Why Consumers Don’t Care About (Most) Brands

Businessman and Businesswoman look at the city

Each year, brands spend over $600 billion (and counting) to convince us to buy their products. Yet, as consumers we have become insensitive to most advertising. This excerpt from Brand Hacks – How to Build Brands by Fulfilling the Consumer Quest for Meaning aims at helping CEOs understand why consumers don’t care about (most) brands and most advertising campaign fails.

This is chaos

On an average day, we consume over 13 hours of media and check our phone 96 times, or once every 10 minutes. We spend two hours and 24 minutes a day on social media and upload 995 pictures on Instagram every second. We have urges to see the next post, the next picture, the next vlog; to not miss the next cycling class, the next meetup, the next date. Along this journey, brands try to convince us to buy their products through advertising, an industry projected to reach over $769 Billion in revenue by 2024. This media overload has made us insensitive to most advertising.
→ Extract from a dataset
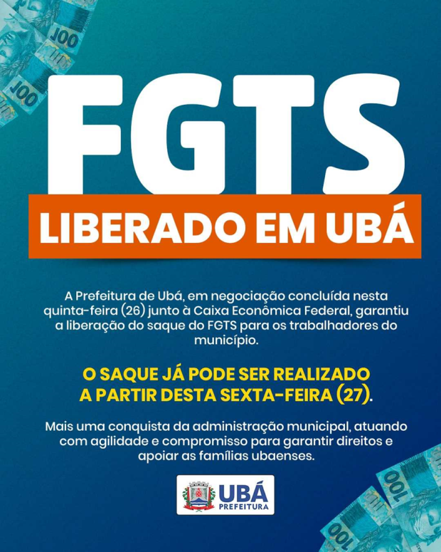 PREFEITURA DE UBÁ GARANTE LIBERAÇÃO DO FGTS E SAQUE JÁ PODE SER REALIZADO NESTA SEXTA-FEIRA (27)

We become overwhelmed with too many choices and end up not being able to choose anything.

We don’t care about [most] brands

Let’s be clear from the get-go: we all search for meaning, not brands. That is, we interact with others, buy products and experience things to resolve this tension between who we are and who we want to be or how we want to be seen. Brands that succeed are the ones that act as shortcuts to resolve these tensions and help us find meaning. In this process, brands became meaningful themselves.
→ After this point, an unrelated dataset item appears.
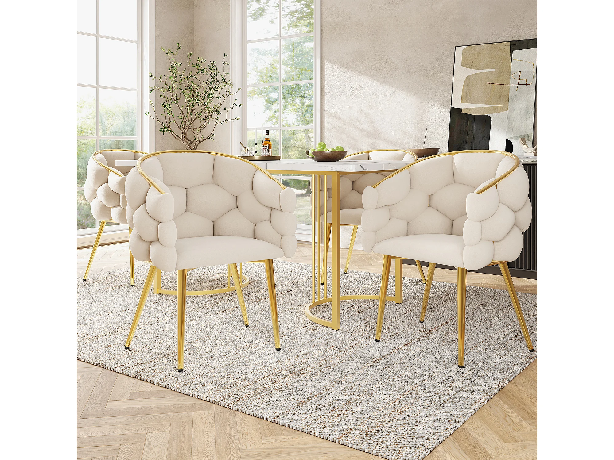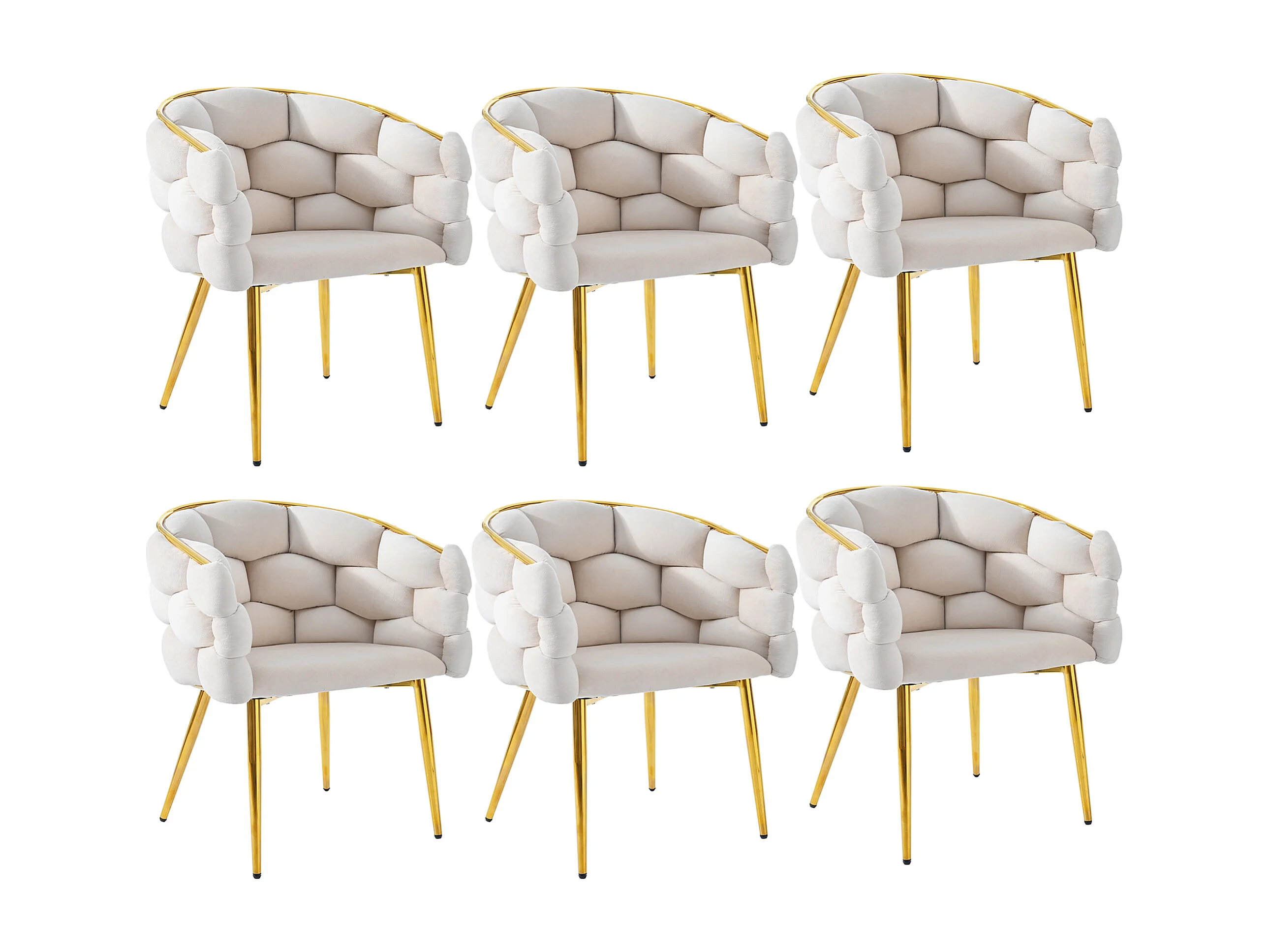 Zestaw 6 welurowych krzeseł z podłokietnikami i złotymi metalowymi nogami – beżowo-złoty

Brands that don’t help us resolve these tensions fall by the wayside. Because we forget these brands easily, they have to constantly remind us of what they sell. In advertising, we call this “increasing frequency of exposure.” By reminding us often, these brands hope that we’ll remember them next time we go to the store. Eventually, this leads us to look at their products as commodities. That is, we will buy them for their functional benefits but will switch to any competitor as soon as we find a cheaper or better alternative.

Our disbelief in brands is also a generational issue. Baby boomers are a more brand-loyal group who grew up with fewer choices, fewer advertising channels, and TV as their only real media screen. In contrast, more than half of millennials don’t care for brands at all. A 2018 study from Cadent Consulting Group shows that 51 percent of millennials have no real preference between private-label and national brands. This only propels the growth of private-label brands from Trader Joes, Aldi, Amazon, and others, which now compete toe-to-toe with national brands.
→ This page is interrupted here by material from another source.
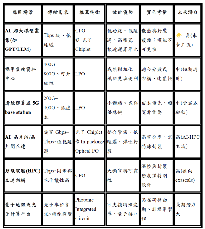 以下比較 CPO、LPO、Photonic Chiplet/In-package Optics(光子晶粒/封裝內光學) 的技術適用性、效能與投資考量。

Purchases are increasingly driven by benefits such as free delivery or lenient return policies, rather than the brand itself. That’s why store brands grow three times faster than branded products. In response, retailers have evolved their store-brand products to make them indistinguishable from those of the national players. Target, for example, has rolled out dozens of its own products and invested heavily in branding and design.

Conventional advertising is dying

Unlike previous generations, today’s consumers can access a vast amount of content without having to see many, if any, traditional ads. Consumers ignore ads, skip them, or even block them by using ad blocking software to keep digital advertising out of their days. As of 2019, roughly 26 percent of internet users relied on ad blocking software to avoid being disrupted by digital advertising. Ad blocking is not a fad: the use of ad blocking software keeps rising, and impacts all devices (desktop, laptop, mobile, and tablets) and publishers.

This is frightening news for the publishing industry. Newspaper and magazine circulation has been free falling, along with advertising revenue. Publishers have therefore relied on digital advertisements to keep them afloat. However, about 26 percent of US readers use ad blockers, causing the US publishers to lose almost $35 billion in revenue in 2020 alone.

In response to this phenomenon, some publishers like Facebook are investing in technologies to block ad blockers. These programs render ad blockers useless, enabling publishers to serve ads even to people who have installed ad blocking software. This begins a game of cat-and-mouse between software developers blocking software that blocks ad blocking software, begging the question of who the real beneficiary is meant to be.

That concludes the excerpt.